Ohio State is banned from playing in a bowl game this season as a result of the "failure to monitor" charge that followed coach Jim Tressel's admission that he knew several of his star players were trading memorabilia for cash and tattoos in violation of NCAA rules and did not report it. The Buckeyes also vacated the 2010 season and were hit with NCAA probation and a loss of scholarships. Southern California was banned from the postseason for two years and stripped of 30 scholarships following the Reggie Bush scandal.

Still pending before the NCAA is the Miami case involving booster Nevin Shapiro.

NCAA president Mark Emmert told Penn State in November that the organization would be examining the "exercise of institutional control" within the athletic department, and said it was clear that "deceitful and dishonest behavior" could be considered a violation of ethics rules. So, too, could a failure to exhibit moral values.

A searing report, commissioned by Penn State, found that beloved coach Joe Paterno had helped hush up allegations of child sex abuse against a former assistant. The report by former FBI Director Louis Freeh concluded that Paterno and three former administrators -- President Graham Spanier, athletic director Tim Curley and vice president Gary Schultz -- "repeatedly concealed critical facts relating to Sandusky's child abuse."

Sandusky is awaiting sentencing after being convicted of 45 criminal counts for abusing 10 boys over a number of years. Paterno died of lung cancer in January.

"Like everyone else, we are reviewing the final report for the first time," said Bob Williams, the NCAA's vice president of communications.

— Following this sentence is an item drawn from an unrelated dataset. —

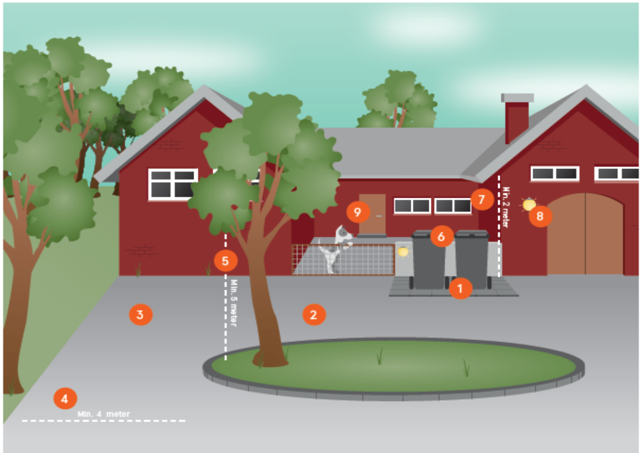
Figur 3: Placering af affaldsbeholdere på landejendomme

The "university has four key questions, concerning compliance with institutional control and ethics policies, to which it now needs to respond. Penn State's response to the letter will inform our next steps, including whether or not to take further action."

Likely of particular interest to the NCAA were the report's conclusions that the school had "decentralized and uneven" oversight of compliance issues -- laws, regulations, policies and procedures.

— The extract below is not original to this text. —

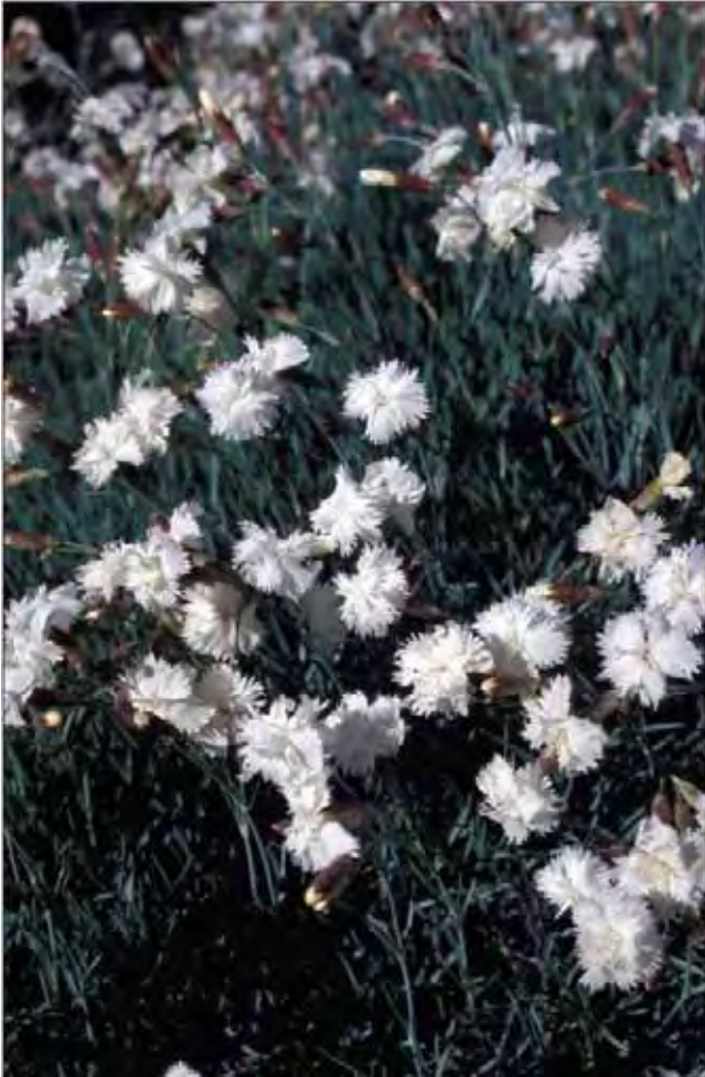
Tette matter eller tuer med fjærellik gjør seg godt som kanter rundt større bed.

"Certain departments monitored their own compliance issues with very limited resources," the report found. Ensuring compliance with the federal Clery Act, which requires the reporting of crimes, was handled by someone with "minimal time."

"One of the most challenging tasks confronting the university," the report added, "is an open, honest and thorough examination of the culture that underlies the failure of Penn State's most powerful leaders to respond appropriately to Sandusky's crimes."

Dry stuff, perhaps, but potentially dangerous for Penn State's football program -- or athletic department -- should the NCAA decide there are major violations that are the result of a lack of institutional control or a failure to promote an atmosphere of compliance.

"The NCAA will, I'm sure as their statement indicates, be working through the report of Judge Freeh, and we'll have an opportunity to respond to the letter that I received from Dr. Emmert back in November," Penn State President Rodney Erickson said. "Now that we have Judge Freeh's report, we're in much better position to respond to the list of questions that Dr. Emmert sent us, at that point, and we will be doing so over the next couple weeks."

Hours after the report was issued, the NCAA again touted its eight-month old partnership with Stop It Now, a child sex-abuse prevention organization, to provide member schools with resources and "foster an environment in which that abuse is reported."